Segment Start: Records for this task

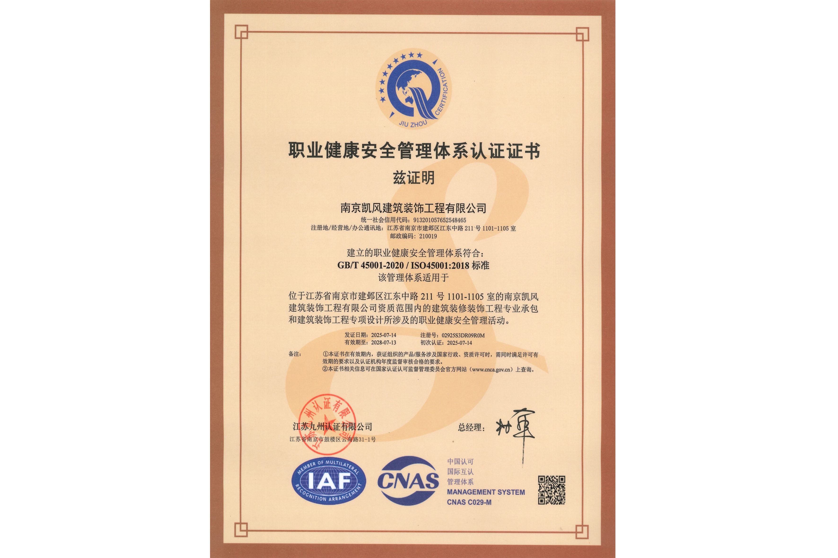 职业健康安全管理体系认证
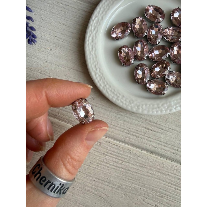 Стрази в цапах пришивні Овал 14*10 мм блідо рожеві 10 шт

Segment End: Records for this task
Segment Start: Records for this task

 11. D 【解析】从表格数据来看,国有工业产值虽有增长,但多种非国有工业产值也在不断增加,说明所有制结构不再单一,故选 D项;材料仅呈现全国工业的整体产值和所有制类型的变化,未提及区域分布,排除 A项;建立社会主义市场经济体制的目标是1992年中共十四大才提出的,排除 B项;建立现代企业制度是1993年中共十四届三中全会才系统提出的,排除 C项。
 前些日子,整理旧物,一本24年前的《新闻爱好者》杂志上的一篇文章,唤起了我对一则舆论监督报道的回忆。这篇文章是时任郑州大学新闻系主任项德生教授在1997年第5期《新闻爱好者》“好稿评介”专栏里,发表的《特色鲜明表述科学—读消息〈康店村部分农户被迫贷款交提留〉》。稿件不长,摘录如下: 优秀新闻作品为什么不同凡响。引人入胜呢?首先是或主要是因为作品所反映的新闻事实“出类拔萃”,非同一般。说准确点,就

Segment End: Records for this task

Write out word for word the lines of the listing above from the line with "职业健康安全管理体系认证" to the line with "Стрази в цапах", taking in both of those lines but no pictures.

■ **Task answer**
 职业健康安全管理体系认证
 Стрази в цапах пришивні Овал 14*10 мм блідо рожеві 10 шт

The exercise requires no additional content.